Graham R W, Atkinson T, Kilburn D G, Miller R C, Warren R A
Department of Microbiology, University of British Columbia, Vancouver, Canada.
Nucleic Acids Res. 1993 Oct 25;21(21):4923-8. doi: 10.1093/nar/21.21.4923.

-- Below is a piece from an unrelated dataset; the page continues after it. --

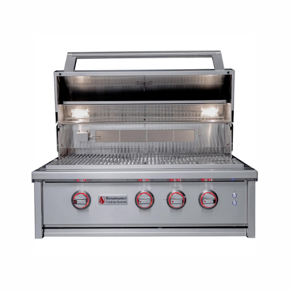The New RCS Cutlass Elite 30-Inch 3-Burner Built-In Propane Grill features over 10 impressive upgrades. A newly designed control panel includes color-changing LED control knob lights for a sleek, modern appearance. Each burner now delivers 20,000 BTUs for increased cooking power and performance. The upgraded cooking grids feature square, flat-surface grates that enhance heat contact and improve searing capability. A spring-assisted hood allows for easier opening with less effort, while a professional, easy-to-read temperature gauge and brighter internal halogen lights improve visibility and control. These new Cutlass Elite grills also include a stainless steel smoker box for added flavor and versatility.
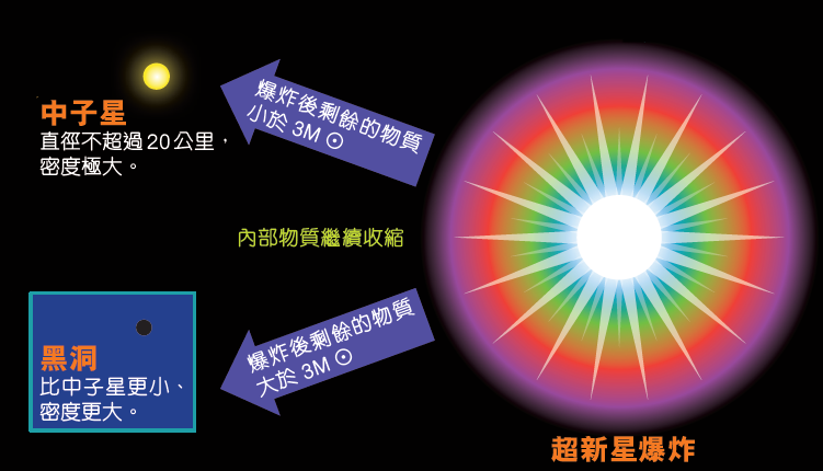 如果爆炸后剩余的物质大于3M☉,就会产生黑洞。

A synthetic gene encoding the Schizophyllum commune xylanase XynA was constructed by a novel PCR-based procedure. Three long oligonucleotides were synthesized and used in combination with flanking PCR primers to generate a 607 base pair gene which contained 31 unique locations for restriction enzyme cleavage. The amino acid sequence was tailored for expression in Escherichia coli by using only those codons found in highly expressed E. coli genes. The availability of the gene will facilitate analysis of the structure and function of this and other beta-(1,4) xylanases.
通过一种基于聚合酶链式反应(PCR)的新方法构建了编码裂褶菌木聚糖酶XynA的合成基因。合成了三条长寡核苷酸,并与侧翼PCR引物结合使用,以生成一个607个碱基对的基因,该基因包含31个用于限制性内切酶切割的独特位点。通过仅使用在高表达的大肠杆菌基因中发现的那些密码子,对氨基酸序列进行了优化,以便在大肠杆菌中表达。该基因的获得将有助于分析这种和其他β-(1,4)木聚糖酶的结构和功能。